In this post, I will demonstrate how I use the VM fleet to test the performance of my Hyper-Converged Cluster.

First of all, I deployed a 3-node Storage Space Direct Cluster. Here are the configurations of the testing machines.

DELL R720 (ECGCAT-R4-22, ECGCAT-R4-24, ECGCAT-R4-26)

  • CPU: E5-2650
  • Memory: 192GB
  • Boot Drive: H710 with 4 15K 600GB SAS HDDs (RAID10)
  • Data Drive: Micron P420m 1400GB
  • NIC: Chelsio T580 40Gb (RDMA capable)

After running Enable-ClusterS2D , I run the following cmdlet to create 3 CSVs, one for each node.

Get-ClusterNode |% {New-Volume -StoragePoolFriendlyName S2D* -FriendlyName $_ -FileSystem CSVFS_ReFS -Size 600GB -PhysicalDiskRedundancy 1}

Then run the cmdlet below to create an addition CSV to store scripts, tools, image and results.

New-Volume -StoragePoolFriendlyName S2D* -FriendlyName collect -FileSystem CSVFS_ReFS -Size 138GB -PhysicalDiskRedundancy 1

Then I downloaded Diskspd with VM Fleet from https://github.com/microsoft/diskspd.
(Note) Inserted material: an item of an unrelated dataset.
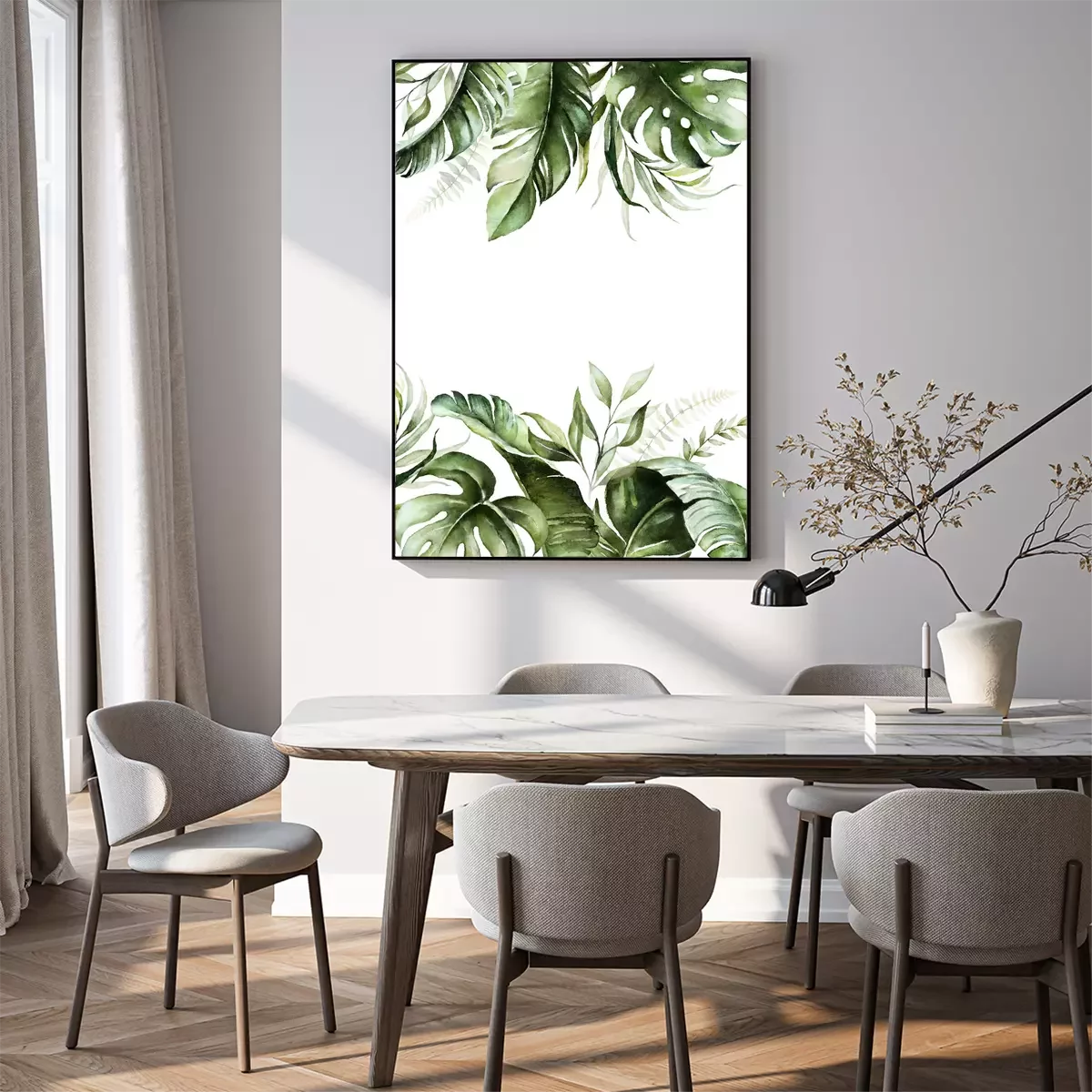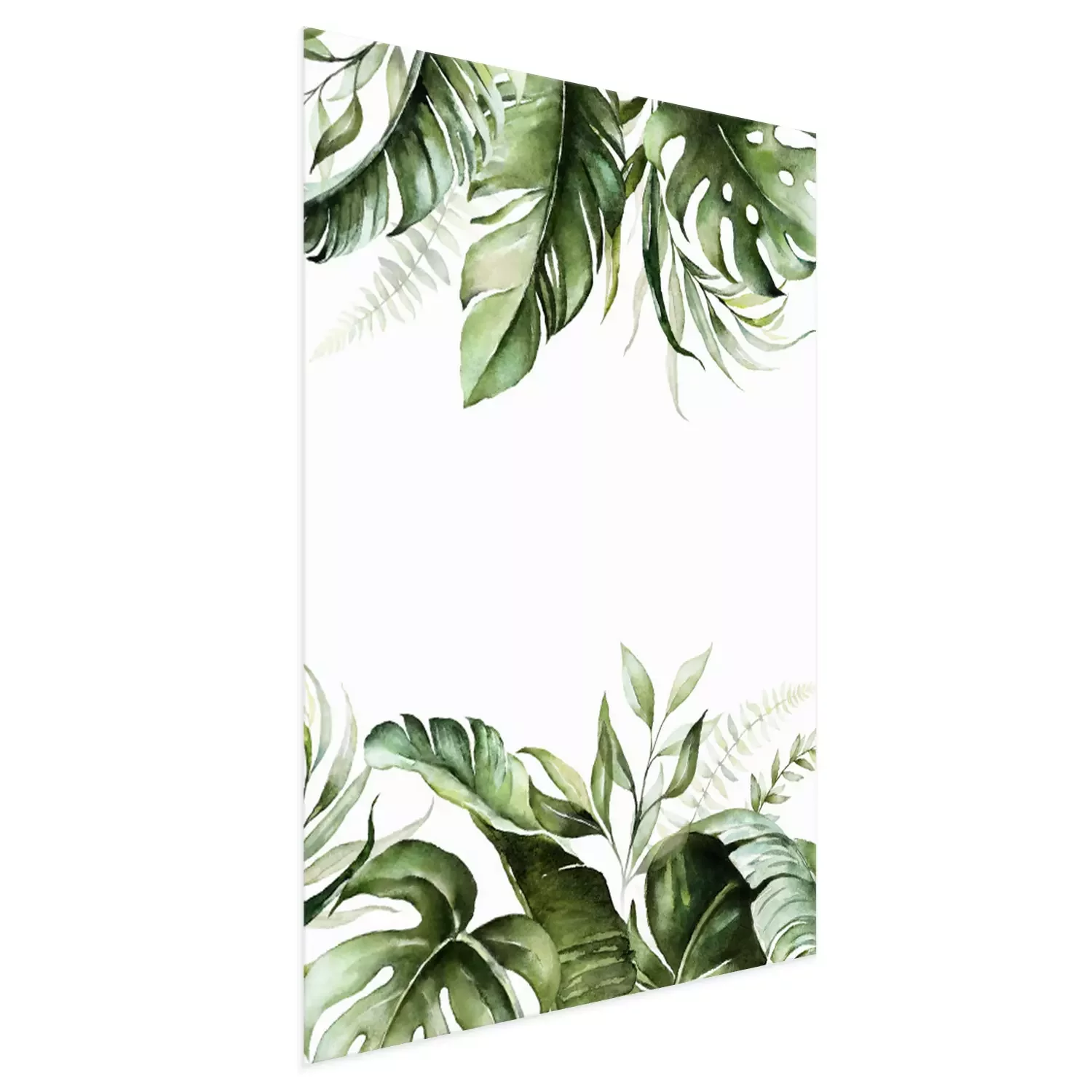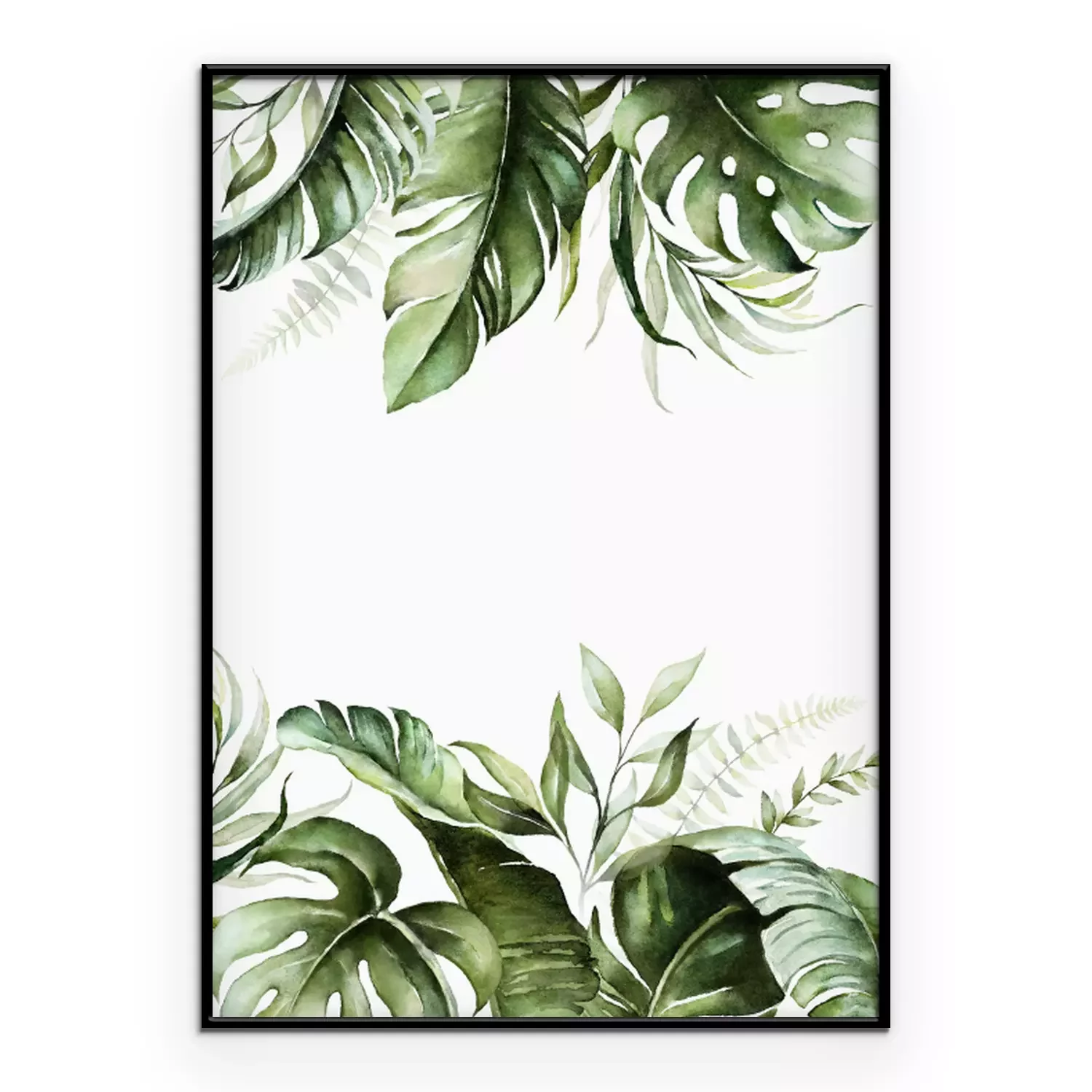 Green tropical leaves on white background. Watercolor hand painted seamless border. Floral tropic illustration. Jungle foliage pattern.

Copy the VMFleet folder to the one of the node in the above cluster (in my case, I copied it to D:\) and run the script from that node.

.\install-vmfleet.ps1 -source D:\VMFleet

Download the latest Diskspd from http://aka.ms/diskspd and copy the DISKSPD.exe into the folder C:\ClusterStorage\Collect\Control\Tools.

Prepared a Server Core VHD with the following steps if you don’t have one.

  1. I used Convert-WindowsImage.ps1 (https://gallery.technet.microsoft.com/scriptcenter/Convert-WindowsImageps1-0fe23a8f) to convert a Windows Server 2016 WIM image to a Server Core VHD.
  2. Use the above VHD to start a VM and set the initial password. (In my case, I use the password User@123.)
  3. Shutdown the VM (DON’T syspreped the  VM.)
  4. Copy the VHD to C:\ClusterStorage\Collect\. (In my case, the VHD is ENGWS2016COREG2VM.vhdx.)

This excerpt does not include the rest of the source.